The Pacific Ocean, 25th July 1873.
Dear great-great granddaughter,
Forgive my long absence from this record. The ship has been bobbing like an apple all night and I’ve had a wretched time of it! Before dawn, the nausea welled up again. I fled up to the deck and vomited into the dark waves, praying that no one was awake to witness my shame. God didn’t answer my prayers. A sailor came to my aid with a cup of water. In its reflection, I saw the day was as grey as my complexion. I slowly raised my head. The horizon was veiled by a long line of thick, white cloud. At that moment, it began to part. Could it be? Were those snow-capped mountains or was the light deceiving me?
“Is that…?” I whispered, gesturing forward.
“Aye, miss,” nodded the sailor, leaning on his mop. “That’s New Zealand.”
My innards cramped. Now I was here, I couldn’t be certain which was worse: endless sea sickness or the future that awaited on shore?

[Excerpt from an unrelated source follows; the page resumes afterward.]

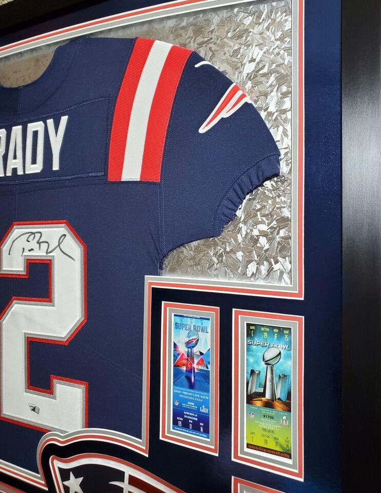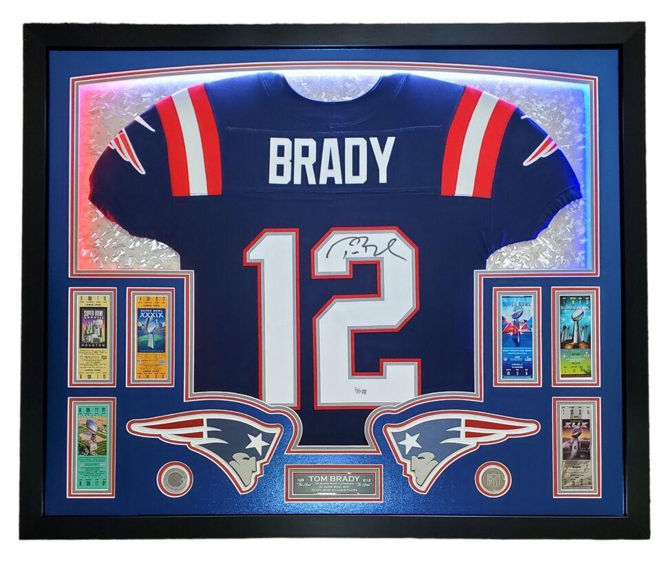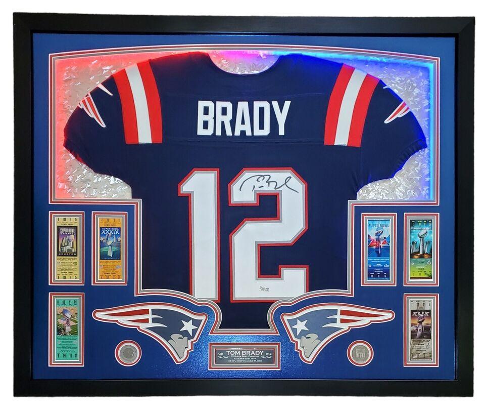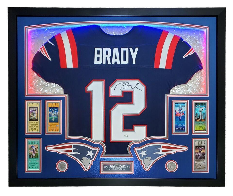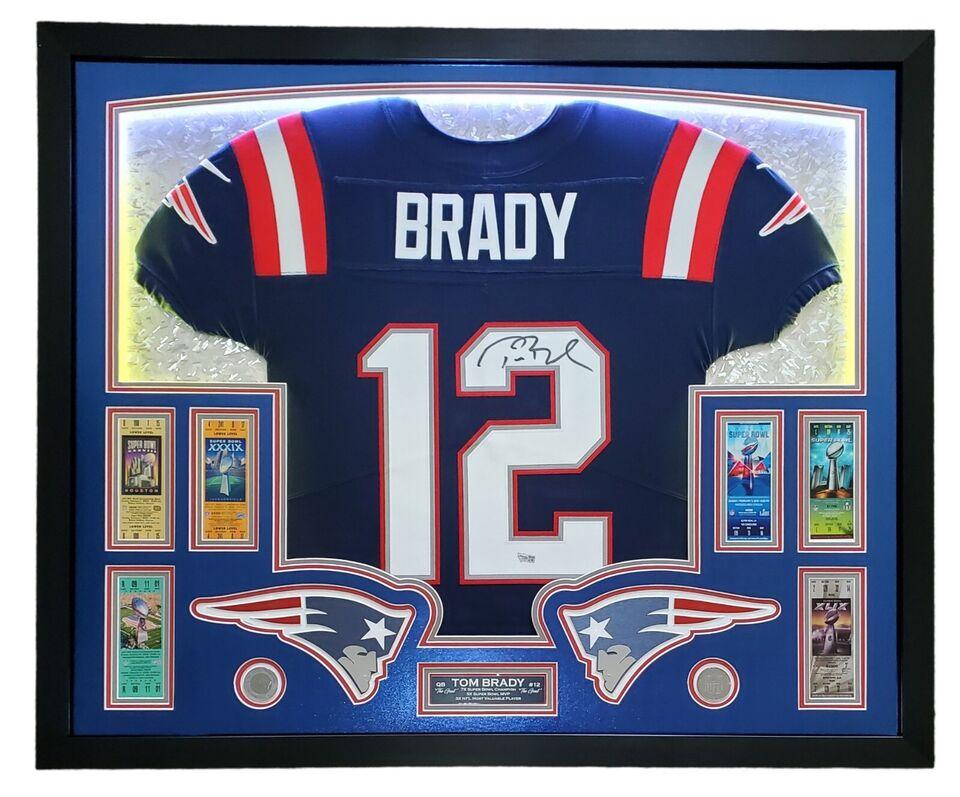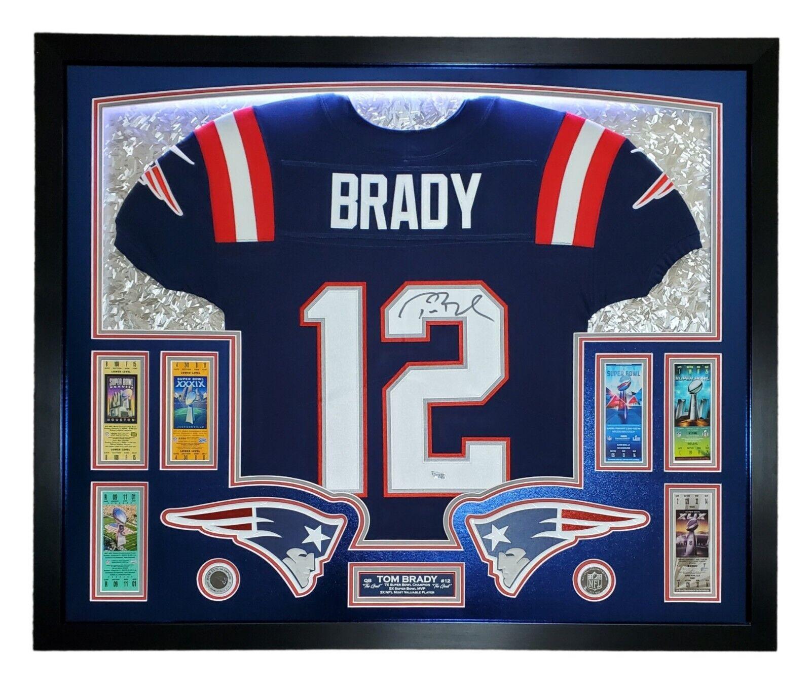 Tom Brady Signed Patriots Custom Framed LED Backlit Nike Elite Jersey Display with (6) Replica Super Bowl Tickets (Fanatics)

It was a future of my own making, but, my dear descendant, could you deny your father’s last request?
It was an equally dismal morning six months ago in London when I last wrote to you. I closed my diary and went to Father’s bedchamber to ask if he would like a little chicken broth for supper. That was when he told me that Dr Hanley had asked for my hand.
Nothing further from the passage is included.